Как хорошо, что на месяц про все эти жестокие любовные странности можно забыть. Он едет, чтобы включиться, наконец, в репетиции «Маленьких трагедий» и несколько недель никуда, кроме театра, ездить будет не надо. Нужно сосредоточиться на премьере. И лишь на ней.

Машина выскочила на кольцевую и полетела по направлению к Московскому шоссе. Зубов чуть сбавил скорость перед постом ДПС и черной безумной стрелой понесся дальше. Прочь, прочь отсюда…

Владимир не замечал ни колеи под колесами, ни выбоин отвратительной дороги. Ни своей скорости, ни слепящего, дергающегося света встречных машин.

И вдруг понял, что не доедет, что случится что-то страшное, непоправимое. Ему явственно привиделась вдруг его машина — перевернутая, искореженная, жалко лежащая кверху брюхом… Но эта картина не испугала его. Она притягивала своим ужасом, и Владимир был уже готов погрузиться в нее целиком, когда в салоне зазвенел телефон. Зубов вздрогнул и очнулся.

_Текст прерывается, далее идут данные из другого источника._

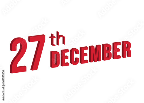 27th December , Daily calendar time and date schedule symbol. Modern design, 3d rendering. White background.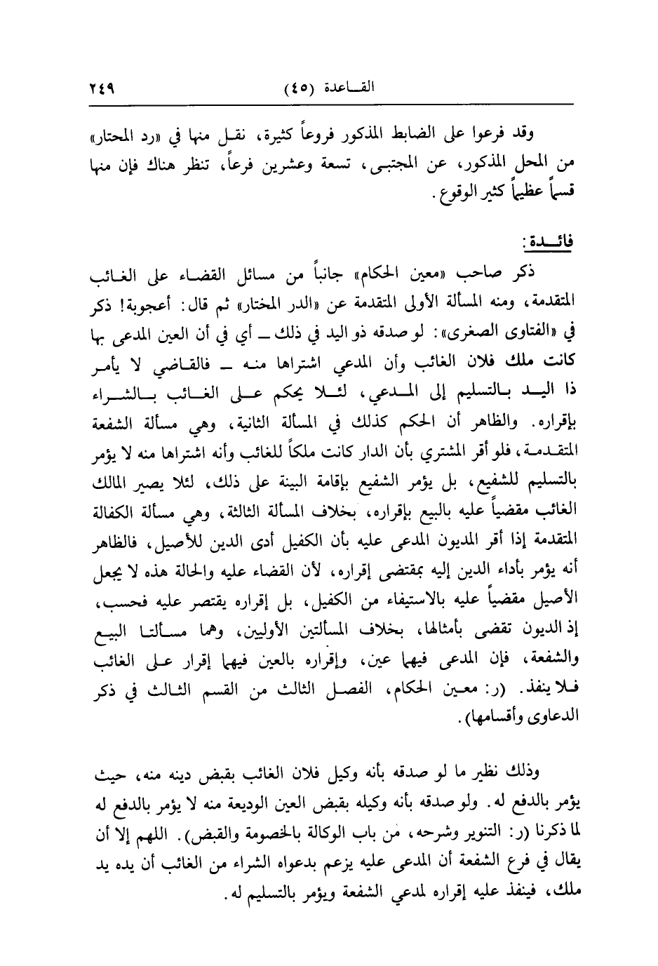 وَذَلِكَ نَظِير لما لَو صدقه بِأَنَّهُ وَكيل فلَان الْغَائِب بِقَبض دينه مِنْهُ، حَيْثُ يُؤمر بِالدفع لَهُ. وَلَو صدقه بِأَنَّهُ وَكيله بِقَبض الْعين الْوَدِيعَة مِنْهُ لَا يُؤمر بِالدفع لَهُ لما ذكرنَا (ر: التَّنْوِير وَشَرحه، من بَاب الْوكَالَة بِالْخُصُومَةِ وَالْقَبْض) . اللَّهُمَّ إِلَّا أَن يُقَال فِي فرع الشُّفْعَة أَن الْمُدعى عَلَيْهِ يزْعم بِدَعْوَاهُ الشِّرَاء من الْغَائِب أَن يَده يَد ملك، فَينفذ عَلَيْهِ إِقْرَاره لمُدعِي الشُّفْعَة وَيُؤمر بِالتَّسْلِيمِ لَهُ.

Посмотрел на стрелку спидометра: м-да, что-то он увлекся. Потом обратил внимание на состояние дороги и кромешную тьму вокруг… Сбавил скорость. Ему показалось, что машина вздохнула с облегчением. Или это был он сам? Потом он понял, что телефон не перестает звонить. Владимир нажал кнопку на руле, и умная техника сделала так, чтобы он мог по громкой связи разговаривать с кем-то, кому тоже не спалось в этот час.

— Да, — резко ответил он. Резко именно потому, что знал, кто звонит.

— Прости, мне показалось, с тобой не все в порядке, — точно, это была Тереза.

— Угу, — буркнул он, — я в пути. Еду в Москву.

— Прости, что побеспокоила. Какие-то странные мысли… Я так и не смогла заснуть.

— А я вот, похоже, почти заснул за рулем под свои мрачные мысли…

— Вот этого не надо! — тревожно откликнулась Тереза.

— Сам не хочу, — отозвался Зубов, постепенно приходя в себя. Мрак в душе никуда не делся… Лишь спрятался поглубже, но жить дальше с этим было можно.

— Как ты?

— Меня бросила любимая женщина. Еще летом. Я не могу ее забыть.

— Ну, сейчас, положим, ты сам уехал, — И он понял, что Тереза раздраженно поморщилась.

— А вообще-то все хорошо… — Зубов пошарил в бардачке, изыскал там сигареты, закурил. — Меня бросила любимая женщина, — повторил он уже дурашливым тоном. — И я один теперь, неприкаянный. На этой проклятой дороге…

— Нельзя так говорить, когда ты в пути, — резко оборвала его Тереза.

— А как нужно?

Он услышал, как загудел чайник, как она чем-то зашуршала.

— Нужно любить дорогу, — ответила она. — Все те километры, которые расстилаются перед тобой, должны быть в радость…

— Интересная философия. И откуда ты ее взяла?

— Из жизни, Володя. Я ведь машину покупала не для того, чтобы только по городу ездить…

— Да, я помню. Ты считаешь, что по городу на метро удобнее.

— По центру большого города — безусловно, — она улыбнулась, вспоминая их зимний разговор, один из первых.

— Тогда для чего ты завела машину? На дачу ездить?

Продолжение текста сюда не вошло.